The grizzled voice could be that of God. “The car’s on fire and there’s no driver at the wheel,” he begins over a ground-shaking rumble of drone, before surveying the horrifying landscape: The government is corrupt, buildings are imploding, the skyline is ablaze while a populace hides indoors, numbed by chemicals and drowning out the screams with the radio. The voice continues as mournful strings enter, playing a theme wracked by sadness and loss, the sound of the band on the deck as the ship goes down. Do we hear hope as a fragile guitar enters and repeats those lines? I think so. And once we sense that feeling of being crushed by despair while seeing a flicker of possibility, we’re fully inside of the universe of Godspeed You! Black Emperor’s 1997 debut, F♯ A♯ ∞.
The piece, which came to be called “Dead Flag Blues,” is a career-defining debut album-opener to rival Patti Smith’s “Gloria: In Excelsis Deo,” the Jesus and Mary Chain’s “Just Like Honey,” and Black Sabbath’s “Black Sabbath.” Everything you need to know about Godspeed was foretold by the words and music of this first track, which occupies the album’s entire first side. They would eventually become one of the key bands in what we’d call post-rock. Through the first decade of the 21st century, more than a few groups would copy their soft/loud crashing orchestral style. All of their music takes place in the world described by that voice, a place where those buried by calamity are on the verge of breaking free.

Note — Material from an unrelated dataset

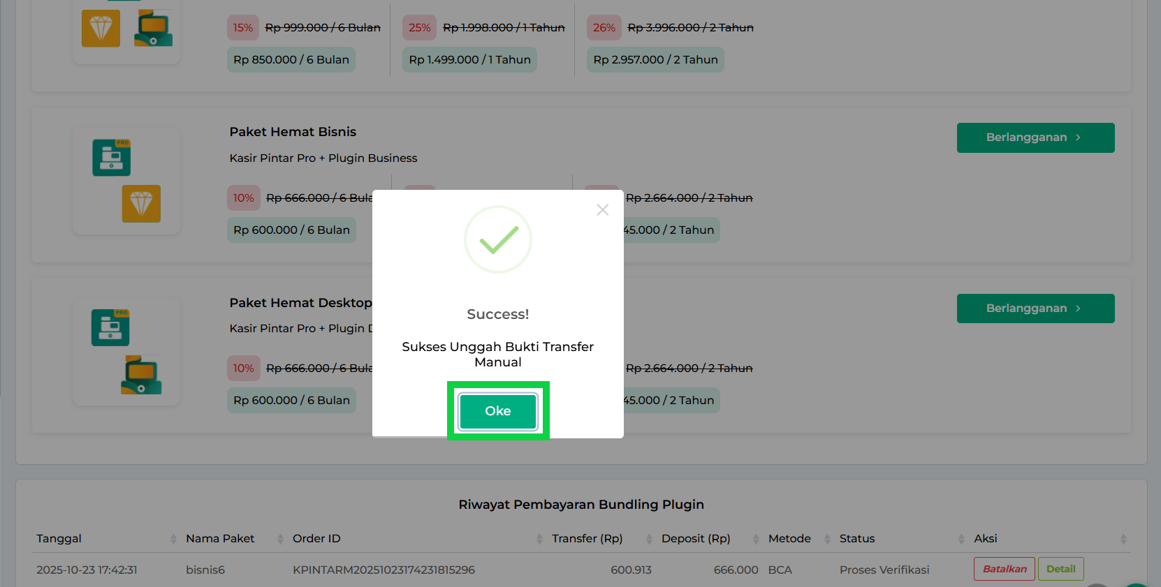 Sekarang, Anda sudah berhasil berlangganan Paket Bundling Plugin di Kasir Pintar. Nikmati berbagai plugin unggulan dengan harga lebih hemat dan pengelolaan bisnis yang makin efisien.

The words on “Dead Flag Blues” were written by Efrim Menuck, who was born in Montreal and grew up in Toronto before returning to the city of his birth in his early 20s. They came from a script for an unfinished film called “Incomplete Movie About Jail” and were read by an unidentified friend. Menuck, like many in his circle, had grown up listening to punk and hardcore, but after moving to Montreal he started making music of his own in a very different style. In 1994, he and his friend Mauro Pezzente, who played bass, recorded a tape they called All Lights Fucked On The Hairy Amp Drooling and made 33 copies, giving them to friends. The project’s name, Godspeed You Black Emperor!, came from the title of a Japanese documentary about a motorcycle gang. (The band would relocate the exclamation point in 2002.) Twenty-five years later, All Lights remains a rumor—there have been no confirmed leaks of the music, not even a photo of the cassette. But after recording it and playing a few live shows, the band, joined by guitarist Mike Moya, began to take shape.